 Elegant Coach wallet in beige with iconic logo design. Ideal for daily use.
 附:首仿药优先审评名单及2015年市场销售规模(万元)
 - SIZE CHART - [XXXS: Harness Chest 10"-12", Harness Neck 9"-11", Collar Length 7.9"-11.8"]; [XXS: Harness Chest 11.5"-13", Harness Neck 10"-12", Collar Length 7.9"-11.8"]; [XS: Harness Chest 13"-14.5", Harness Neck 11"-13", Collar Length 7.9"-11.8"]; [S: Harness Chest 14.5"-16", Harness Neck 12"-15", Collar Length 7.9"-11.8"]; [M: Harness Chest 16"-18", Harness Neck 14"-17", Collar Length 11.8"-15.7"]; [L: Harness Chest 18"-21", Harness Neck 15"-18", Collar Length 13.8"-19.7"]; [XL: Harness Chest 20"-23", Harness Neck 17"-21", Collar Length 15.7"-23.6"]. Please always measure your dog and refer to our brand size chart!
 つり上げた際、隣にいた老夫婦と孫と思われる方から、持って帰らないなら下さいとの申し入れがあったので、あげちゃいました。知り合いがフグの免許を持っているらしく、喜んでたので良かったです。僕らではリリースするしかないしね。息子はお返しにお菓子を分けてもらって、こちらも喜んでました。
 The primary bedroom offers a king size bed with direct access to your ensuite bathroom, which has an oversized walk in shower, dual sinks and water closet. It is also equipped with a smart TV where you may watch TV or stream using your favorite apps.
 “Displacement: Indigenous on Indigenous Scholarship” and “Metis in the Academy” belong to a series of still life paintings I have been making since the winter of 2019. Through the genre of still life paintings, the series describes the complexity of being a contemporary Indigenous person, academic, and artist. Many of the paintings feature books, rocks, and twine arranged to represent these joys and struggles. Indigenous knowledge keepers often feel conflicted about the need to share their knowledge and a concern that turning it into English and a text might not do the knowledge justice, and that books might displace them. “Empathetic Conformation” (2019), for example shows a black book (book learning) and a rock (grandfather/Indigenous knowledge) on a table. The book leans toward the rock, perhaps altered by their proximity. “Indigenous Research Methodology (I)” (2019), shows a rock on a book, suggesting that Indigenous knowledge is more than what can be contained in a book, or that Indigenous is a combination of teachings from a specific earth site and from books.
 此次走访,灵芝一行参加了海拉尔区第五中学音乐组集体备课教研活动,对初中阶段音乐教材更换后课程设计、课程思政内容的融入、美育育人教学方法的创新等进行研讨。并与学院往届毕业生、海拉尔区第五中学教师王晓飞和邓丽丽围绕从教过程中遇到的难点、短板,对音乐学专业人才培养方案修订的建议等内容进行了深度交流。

- - -

* ABOUT THIS TASK *
I'd like an exact copy of the lines above, from the very first one through the line that contains "The primary bedroom", with nothing else added.

* WORKED SOLUTION *
 Elegant Coach wallet in beige with iconic logo design. Ideal for daily use.
 附:首仿药优先审评名单及2015年市场销售规模(万元)
 - SIZE CHART - [XXXS: Harness Chest 10"-12", Harness Neck 9"-11", Collar Length 7.9"-11.8"]; [XXS: Harness Chest 11.5"-13", Harness Neck 10"-12", Collar Length 7.9"-11.8"]; [XS: Harness Chest 13"-14.5", Harness Neck 11"-13", Collar Length 7.9"-11.8"]; [S: Harness Chest 14.5"-16", Harness Neck 12"-15", Collar Length 7.9"-11.8"]; [M: Harness Chest 16"-18", Harness Neck 14"-17", Collar Length 11.8"-15.7"]; [L: Harness Chest 18"-21", Harness Neck 15"-18", Collar Length 13.8"-19.7"]; [XL: Harness Chest 20"-23", Harness Neck 17"-21", Collar Length 15.7"-23.6"]. Please always measure your dog and refer to our brand size chart!
 つり上げた際、隣にいた老夫婦と孫と思われる方から、持って帰らないなら下さいとの申し入れがあったので、あげちゃいました。知り合いがフグの免許を持っているらしく、喜んでたので良かったです。僕らではリリースするしかないしね。息子はお返しにお菓子を分けてもらって、こちらも喜んでました。
 The primary bedroom offers a king size bed with direct access to your ensuite bathroom, which has an oversized walk in shower, dual sinks and water closet. It is also equipped with a smart TV where you may watch TV or stream using your favorite apps.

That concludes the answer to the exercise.